[INPUT FOR THIS TASK]

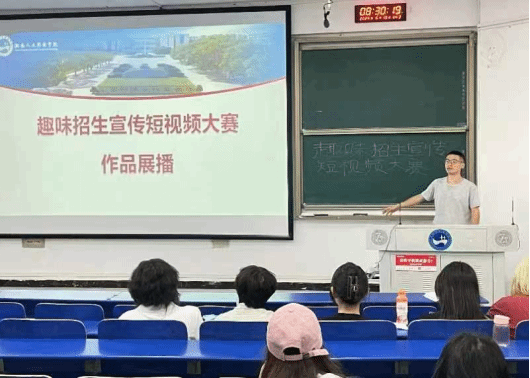 文学院为提前做好高考前后招生宣传工作,展现文学院风采,5月10日—6月18日,依托网络与新媒体专业,通过《新媒体营销概论》课程实践,结合学院招生宣传工作,打造了趣味招生宣传短视频大赛,在抖音平台上发布、运营和传播。21级网络与新媒体一班全体同学以及部分22级同学参加本次比赛。6月19日,趣味短视频大赛颁奖典礼于致远楼219教室隆重举行,本次颁奖典礼由唐久乐老师主持,学院副院长罗主宾、网络与新媒体调研室主任马黎出席本次活动,22级全体同学到场观看。
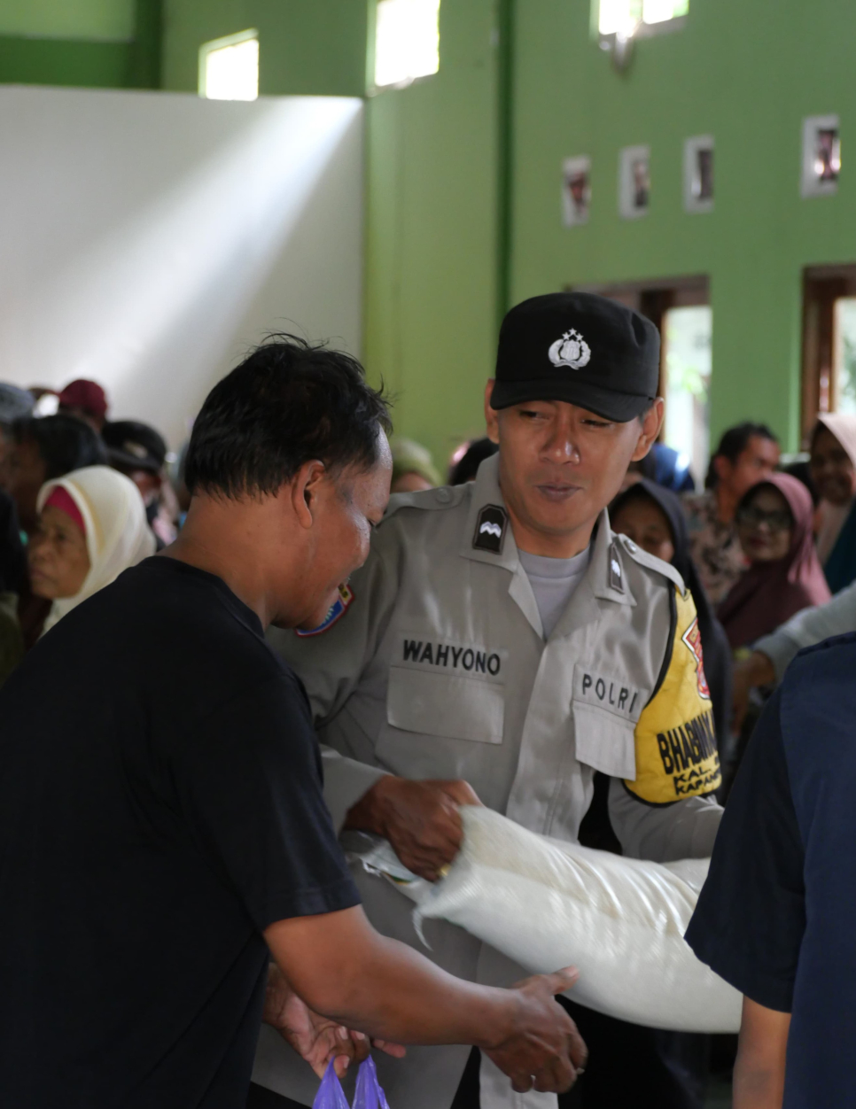 Bhabinkamtibmas Kalurahan Sriharjo, Aipda Wahyono SH, melakukan pemantauan penyaluran Bantuan Sosial (Bansos) berupa beras 20 kilogram dan 4 liter minyak goreng kepada 951 warga, di Kalurahan Sriharjo, Imogiri, Bantul, Selasa (25/11/2025).Kehadiran Bhabinkamtibmas Aipda Wahyono untuk memastikan proses penyaluran berjalan tertib, aman, dan lancar.
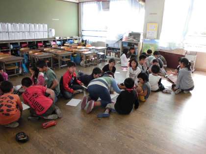 3校時に全校の縦割り活動の「なかよし活動」を行いました。今日は「すごろく」をしました。6年生が各グループでの活動を上手に進め,みんな楽しく過ごしました。
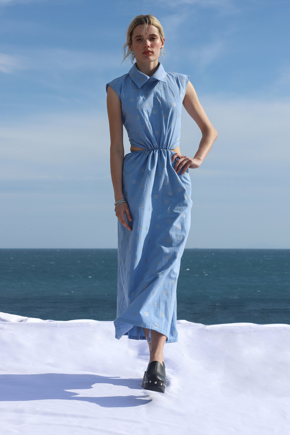Maxi Αμάνικο Φόρεμα με γιακά και κοψίματα στην μέση και την πλάτη. Ανοιχτόχρωμο τζην ύφασμα με διακριτικά ασημένια τυπώματα για επιπλέον λάμψη και κομψότητα. Η ραφή στην μέση του φορέματος τονίζει την θυλυκή γραμμή. Επιπλέον δύο βαθιά κοψίματα αφήνουν γυμνό μέρος της μέσης εμπρός και όλη την μέση πίσω. Υπάρχει λάστιχο στο πίσω μέρος και της φούστας και του πάνω μέρους του ενδύματος προσφέροντας άνεση. Κλείνει με φερμουάρ στο πίσω πάνω μέρος.
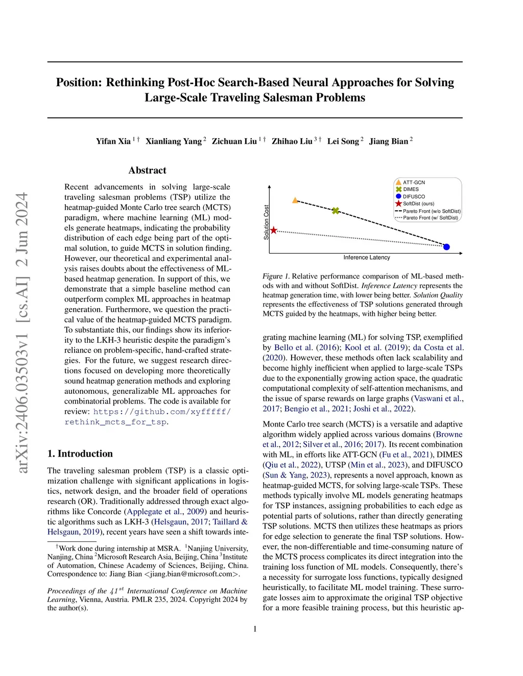 Recent advancements in solving large-scale traveling salesman problems (TSP) utilize the heatmap-guided Monte Carlo tree search (MCTS) paradigm, where machine learning (ML) models generate heatmaps, indicating the probability distribution of each edge being part of the optimal solution, to guide MCTS in solution finding. However, our theoretical and experimental analysis raises doubts about the effectiveness of ML-based heatmap generation. In support of this, we demonstrate that a simple baseline method can outperform complex ML approaches in heatmap generation. Furthermore, we question the practical value of the heatmap-guided MCTS paradigm. To substantiate this, our findings show its inferiority to the LKH-3 heuristic despite the paradigm's reliance on problem-specific, hand-crafted strategies. For the future, we suggest research directions focused on developing more theoretically sound heatmap generation methods and exploring autonomous, generalizable ML approaches for combinatorial problems. The code is available for review: https://github.com/xyfffff/rethink_mcts_for_tsp.

[/INPUT FOR THIS TASK]

» TASK TO CARRY OUT: Using the material above, set down every line exactly, but skip the pictures.

» RESULT:
 文学院为提前做好高考前后招生宣传工作,展现文学院风采,5月10日—6月18日,依托网络与新媒体专业,通过《新媒体营销概论》课程实践,结合学院招生宣传工作,打造了趣味招生宣传短视频大赛,在抖音平台上发布、运营和传播。21级网络与新媒体一班全体同学以及部分22级同学参加本次比赛。6月19日,趣味短视频大赛颁奖典礼于致远楼219教室隆重举行,本次颁奖典礼由唐久乐老师主持,学院副院长罗主宾、网络与新媒体调研室主任马黎出席本次活动,22级全体同学到场观看。
 Bhabinkamtibmas Kalurahan Sriharjo, Aipda Wahyono SH, melakukan pemantauan penyaluran Bantuan Sosial (Bansos) berupa beras 20 kilogram dan 4 liter minyak goreng kepada 951 warga, di Kalurahan Sriharjo, Imogiri, Bantul, Selasa (25/11/2025).Kehadiran Bhabinkamtibmas Aipda Wahyono untuk memastikan proses penyaluran berjalan tertib, aman, dan lancar.
 3校時に全校の縦割り活動の「なかよし活動」を行いました。今日は「すごろく」をしました。6年生が各グループでの活動を上手に進め,みんな楽しく過ごしました。
Maxi Αμάνικο Φόρεμα με γιακά και κοψίματα στην μέση και την πλάτη. Ανοιχτόχρωμο τζην ύφασμα με διακριτικά ασημένια τυπώματα για επιπλέον λάμψη και κομψότητα. Η ραφή στην μέση του φορέματος τονίζει την θυλυκή γραμμή. Επιπλέον δύο βαθιά κοψίματα αφήνουν γυμνό μέρος της μέσης εμπρός και όλη την μέση πίσω. Υπάρχει λάστιχο στο πίσω μέρος και της φούστας και του πάνω μέρους του ενδύματος προσφέροντας άνεση. Κλείνει με φερμουάρ στο πίσω πάνω μέρος.
 Recent advancements in solving large-scale traveling salesman problems (TSP) utilize the heatmap-guided Monte Carlo tree search (MCTS) paradigm, where machine learning (ML) models generate heatmaps, indicating the probability distribution of each edge being part of the optimal solution, to guide MCTS in solution finding. However, our theoretical and experimental analysis raises doubts about the effectiveness of ML-based heatmap generation. In support of this, we demonstrate that a simple baseline method can outperform complex ML approaches in heatmap generation. Furthermore, we question the practical value of the heatmap-guided MCTS paradigm. To substantiate this, our findings show its inferiority to the LKH-3 heuristic despite the paradigm's reliance on problem-specific, hand-crafted strategies. For the future, we suggest research directions focused on developing more theoretically sound heatmap generation methods and exploring autonomous, generalizable ML approaches for combinatorial problems. The code is available for review: https://github.com/xyfffff/rethink_mcts_for_tsp.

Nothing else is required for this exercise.